(Data extracted from a collection)
• • • •
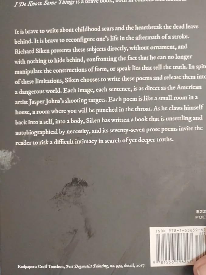 This is a fantastic book of poetry. Readable, accessible, honest, deeply moving. I have been a fan of Sikenβs work and enjoyed his previous work in Crush, and War of the Foxes. This book is different partly because its prose poetry and partly because its memoir and personal accounts about suffering a stroke and family stories, which are not only interesting, but horrific, and recounted in a poetic, condensed and with an original vision and childlike straightforwardness. His best book to date. I have recommended to friends. Donβt miss his interview on Rattlecast!
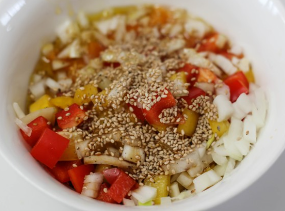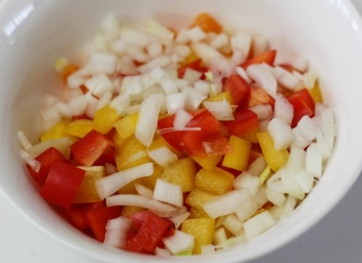 1. 파프리카는 1cm 크기로 썰어주고, 양파는 잘게 다져줍니다.
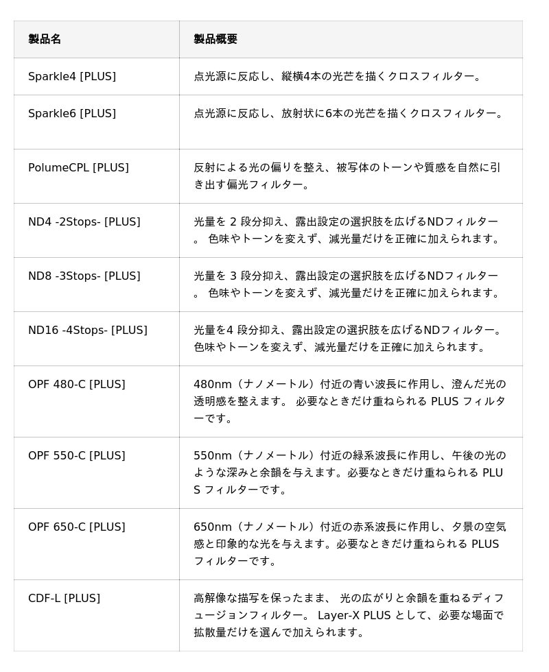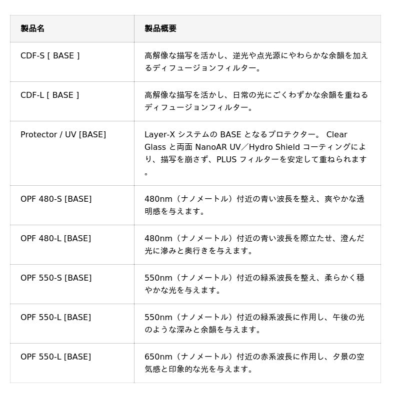 Layer-X は、常用できるベースフィルターと、必要な表現だけを重ねる効果フィルターを組み合わせるレイヤー構造を採用したレンズフィルターシステムです。
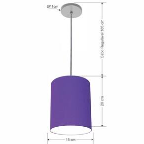 Lustre Luminária Pendente Vivare Free Lux PE-4103CZ Cúpula em Tecido 15x20cm - Cor: Roxo | Cor da Canopla: Canopla cinza e fio cristal
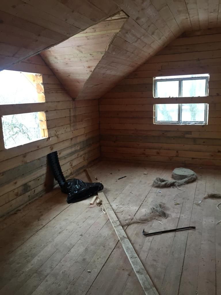 Дом из бруса, снаружи утеплен минеральной ватой и обшит лиственницей.
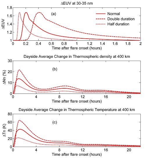 图2 不同持续时间的耀斑对热层密度、温度的影响
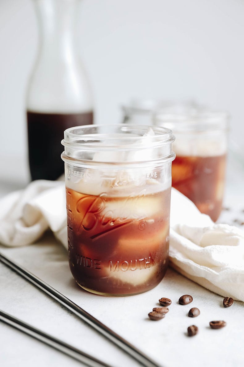Making cold brew coffee doesn’t require any industrial equipment. You’ll need just a few jars or containers (mason jars work great!) and a few other items to make this cold brew coffee recipe.
• • • •
> **Task requirements**:
Exclude the images and output the lines above exactly.

> **Task output**:
 This is a fantastic book of poetry. Readable, accessible, honest, deeply moving. I have been a fan of Sikenβs work and enjoyed his previous work in Crush, and War of the Foxes. This book is different partly because its prose poetry and partly because its memoir and personal accounts about suffering a stroke and family stories, which are not only interesting, but horrific, and recounted in a poetic, condensed and with an original vision and childlike straightforwardness. His best book to date. I have recommended to friends. Donβt miss his interview on Rattlecast!
 1. 파프리카는 1cm 크기로 썰어주고, 양파는 잘게 다져줍니다.
 Layer-X は、常用できるベースフィルターと、必要な表現だけを重ねる効果フィルターを組み合わせるレイヤー構造を採用したレンズフィルターシステムです。
 Lustre Luminária Pendente Vivare Free Lux PE-4103CZ Cúpula em Tecido 15x20cm - Cor: Roxo | Cor da Canopla: Canopla cinza e fio cristal
 Дом из бруса, снаружи утеплен минеральной ватой и обшит лиственницей.
 图2 不同持续时间的耀斑对热层密度、温度的影响
Making cold brew coffee doesn’t require any industrial equipment. You’ll need just a few jars or containers (mason jars work great!) and a few other items to make this cold brew coffee recipe.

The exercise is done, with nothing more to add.